There was no question that former Denver Broncos defensive end Lyle Alzado was a freak of nature on and off the football field.
Alzado trained like a beast in the weight room dating back to his high school days. He also held his own in the boxing ring. In fact, he fought the great Muhammad Ali in an exhibition match in 1979.
Alzado wasn’t just intense in his athletic endeavors, however. He also displayed volatile, bizarre, and erratic behavior off the gridiron several times during his pro football career.
Nonetheless, Alzado, a two-time Pro Bowl defensive end, also had a soft side. Some people viewed him as a warm, caring, and gentle soul. His charity work during his tenure with the Broncos helped him win the Byron “Whizzer” White Award in 1977.
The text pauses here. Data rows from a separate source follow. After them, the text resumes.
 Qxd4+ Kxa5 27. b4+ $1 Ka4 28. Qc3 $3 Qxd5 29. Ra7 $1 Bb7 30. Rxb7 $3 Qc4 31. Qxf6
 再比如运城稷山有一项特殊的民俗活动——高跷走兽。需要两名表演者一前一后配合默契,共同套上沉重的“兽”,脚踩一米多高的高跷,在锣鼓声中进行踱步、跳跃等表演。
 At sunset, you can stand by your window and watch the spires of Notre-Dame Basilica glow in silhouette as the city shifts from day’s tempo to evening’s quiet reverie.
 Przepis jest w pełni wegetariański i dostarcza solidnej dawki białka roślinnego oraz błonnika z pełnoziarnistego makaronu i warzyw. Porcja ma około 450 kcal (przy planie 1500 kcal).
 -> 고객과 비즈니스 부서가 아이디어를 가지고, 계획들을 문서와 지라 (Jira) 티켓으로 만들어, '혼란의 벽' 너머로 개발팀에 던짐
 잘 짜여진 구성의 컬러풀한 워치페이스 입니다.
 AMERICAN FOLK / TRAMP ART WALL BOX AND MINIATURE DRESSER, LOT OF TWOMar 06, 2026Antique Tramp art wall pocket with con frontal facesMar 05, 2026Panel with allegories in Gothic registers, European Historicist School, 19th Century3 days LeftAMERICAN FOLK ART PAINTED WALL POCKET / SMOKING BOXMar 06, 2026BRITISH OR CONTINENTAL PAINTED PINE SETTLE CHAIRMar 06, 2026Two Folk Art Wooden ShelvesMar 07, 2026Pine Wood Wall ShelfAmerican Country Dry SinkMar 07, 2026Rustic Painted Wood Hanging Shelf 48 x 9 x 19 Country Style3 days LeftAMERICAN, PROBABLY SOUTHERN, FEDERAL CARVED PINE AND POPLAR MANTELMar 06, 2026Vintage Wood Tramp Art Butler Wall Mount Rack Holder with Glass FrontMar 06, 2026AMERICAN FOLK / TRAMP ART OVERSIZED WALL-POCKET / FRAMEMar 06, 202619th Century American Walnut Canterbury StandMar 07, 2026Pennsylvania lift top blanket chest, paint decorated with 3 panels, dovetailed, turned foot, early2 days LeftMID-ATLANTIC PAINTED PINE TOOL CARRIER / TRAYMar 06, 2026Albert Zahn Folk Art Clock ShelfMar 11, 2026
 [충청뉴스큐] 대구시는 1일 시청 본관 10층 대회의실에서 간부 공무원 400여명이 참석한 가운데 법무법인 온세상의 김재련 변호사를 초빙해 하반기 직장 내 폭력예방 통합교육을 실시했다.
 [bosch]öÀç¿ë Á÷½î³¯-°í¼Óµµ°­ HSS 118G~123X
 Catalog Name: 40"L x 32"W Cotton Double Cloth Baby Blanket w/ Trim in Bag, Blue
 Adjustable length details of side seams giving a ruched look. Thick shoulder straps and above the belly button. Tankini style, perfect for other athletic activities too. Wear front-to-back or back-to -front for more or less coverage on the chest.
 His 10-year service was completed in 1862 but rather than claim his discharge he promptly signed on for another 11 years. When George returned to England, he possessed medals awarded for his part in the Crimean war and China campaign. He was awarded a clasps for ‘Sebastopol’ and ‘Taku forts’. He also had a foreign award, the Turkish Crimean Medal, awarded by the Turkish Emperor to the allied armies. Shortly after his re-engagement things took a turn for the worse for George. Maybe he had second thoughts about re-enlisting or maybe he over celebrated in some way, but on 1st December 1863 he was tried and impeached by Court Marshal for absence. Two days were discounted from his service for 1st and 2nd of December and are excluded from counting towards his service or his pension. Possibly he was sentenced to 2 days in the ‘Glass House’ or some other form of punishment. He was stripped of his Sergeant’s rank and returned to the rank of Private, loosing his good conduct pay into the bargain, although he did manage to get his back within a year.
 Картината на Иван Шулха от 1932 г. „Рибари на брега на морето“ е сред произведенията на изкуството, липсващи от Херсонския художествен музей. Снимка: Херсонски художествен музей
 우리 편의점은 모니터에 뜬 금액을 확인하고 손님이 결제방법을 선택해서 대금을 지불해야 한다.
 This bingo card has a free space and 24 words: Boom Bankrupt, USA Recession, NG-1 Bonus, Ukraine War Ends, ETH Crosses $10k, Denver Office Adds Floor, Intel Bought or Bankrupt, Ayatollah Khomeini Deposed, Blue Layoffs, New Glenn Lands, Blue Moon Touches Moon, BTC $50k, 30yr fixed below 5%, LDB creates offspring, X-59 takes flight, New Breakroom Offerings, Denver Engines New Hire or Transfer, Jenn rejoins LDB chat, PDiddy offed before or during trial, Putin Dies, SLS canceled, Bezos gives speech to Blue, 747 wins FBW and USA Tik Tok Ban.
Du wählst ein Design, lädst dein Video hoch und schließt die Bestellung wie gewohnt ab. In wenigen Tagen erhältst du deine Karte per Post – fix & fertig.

Sadly, Lyle Alzado passed away in the spring of 1992. Football fans will forever remember him for his intensity and tenacity on the gridiron.
Early Life
Lyle Martin Alzado was born to parents Maurice and Martha in Brooklyn, NY on April 3, 1949.
According to Sports Illustrated’s Sarah Pileggi, Alzado inherited Spanish and Italian blood from his father’s side of the family. On the other hand, his mother’s side was of Jewish descent.
Alzado grew up in Long Island, NY in a suburb of Inwood. He remembered enduring freezing conditions in their house after his dad tore off the remaining heater in frustration.
Maurice Alzado’s failed paint business and bar ventures prompted him to become a professional boxer in subsequent years.
He began teaching Lyle the so-called “manly art of self-defense” when he was just six years old in the mid-1950s – an era dominated by famous boxers Rocky Marciano, Sugar Ray Robinson, and Floyd Patterson.
Lyle met his best friend Marc Lyons, a future high school football coach, during their junior high school days. Each boy stayed at the other’s house when their family life became unbearable at certain points in time.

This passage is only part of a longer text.